Colunista e membro do Conselho Editorial da Folha, é um dos mais
importantes jornalistas brasileiros. Analisa as questões políticas e
econômicas. Escreve aos domingos e quintas-feiras.
Ponto de
encontro
30/06/2016 02h00
Michel Temer e seu governo agem para salvar Eduardo Cunha na Câmara.
Talvez não fosse preciso dizer mais nada sobre a atitude de Temer. Afinal,
apesar de todo o esforço da Lava Jato e dos pró-impeachment para incriminar
petistas, na opinião nacional ninguém simboliza mais a calamidade política do
que Eduardo Cunha. Está dito quase tudo sobre protetor e protegido. Mas Temer
leva a algumas observações adicionais.
Descoberto por jornalistas o encontro sorrateiro de Cunha e Temer na
noite de domingo (26), o primeiro fez o que mais faz: negou. Não falava com
Temer desde a semana anterior. Com a mentira, comprovou que a combinação era de
encontro oculto. O segundo deu esta explicação: "Converso com todo mundo.
Embora afastado, ele é um deputado no exercício do seu mandato".
A frase é uma medida da lucidez de Temer ou da honestidade de sua
resposta ao flagrante: "afastado" mas "no exercício do
mandato". Nada de muito novo. Mas a pretensa justificativa de que
"conversa com todo mundo" excede o aspecto pessoal. Se é isso mesmo,
em quase seis anos de convívio com o Poder ainda não o compreendeu. À parte a
liturgia do cargo, de que Sarney tanto falou, o Poder requer cuidados com sua
respeitabilidade. Ao menos no sentido, tão do agrado de jornalistas
brasileiros, cobrado às aparências da mulher de César.

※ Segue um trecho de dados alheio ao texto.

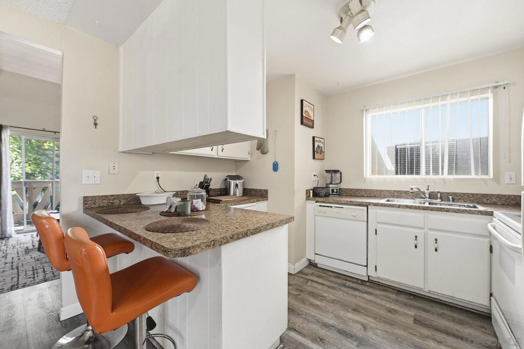 Value Range $350,000–$375,000. Welcome to this light and bright upstairs condo in the heart of Escondido featuring white-painted wood-beam ceilings and an open, airy layout. The spacious living room offers wood-laminate flooring, a gas fireplace with mantle, and a wall-mounted AC unit for year-round comfort. A sliding glass door opens to a private balcony, perfect for relaxing or entertaining. The adjoining dining area features a ceiling fan and connects seamlessly to an upgraded kitchen with attractive countertops, a dishwasher, and a convenient breakfast-bar design. The open-concept layout provides an inviting flow between the living and dining spaces, creating a warm and functional atmosphere. The hallway continues with wood-laminate flooring and includes a full-size laundry closet with side-by-side hookups. The bathroom offers tile flooring, modern lighting, updated fixtures, and tasteful finishes, while the master suite includes crown molding, a ceiling fan, mirrored closet doors for ample storage, and a private half bath with toilet and sink. Enjoy the fresh air from your private balcony which includes a convenient storage closet. This upper-level unit also includes two assigned parking spaces, both numbered #6—one covered and one uncovered—for easy access. The community features a sparkling pool and a relaxed setting close to shopping, dining, and major freeways. An excellent investment opportunity, this property currently has long-term tenants in place who would love to stay and are paying $2,500 per month.

O sítio de alto luxo não combina, mas não tira o título do Palácio do
Jaburu, nem, muito menos, a sua condição de uma das sedes do mais alto poder
governamental. O recepcionado aí para a barganha de espertezas não é, porém,
como "todo mundo". É um múltiplo réu no Supremo Tribunal Federal, tão
excluído do exercício de mandato que está proibido até de simplesmente entrar
na Câmara dos Deputados, Casa aberta a todos. Proibição, ao que consta, sem
precedente. Não no conceito, de moralidade ao menos duvidosa, que o atual
morador aplica ao uso do palácio de governo.
Eduardo Cunha viu-se necessitado de reforço em duas instâncias. Na
Comissão de Constituição e Justiça da Câmara, à qual encaminhou recurso contra
a decisão do Conselho de Ética, que o considerou passível de perda do mandato.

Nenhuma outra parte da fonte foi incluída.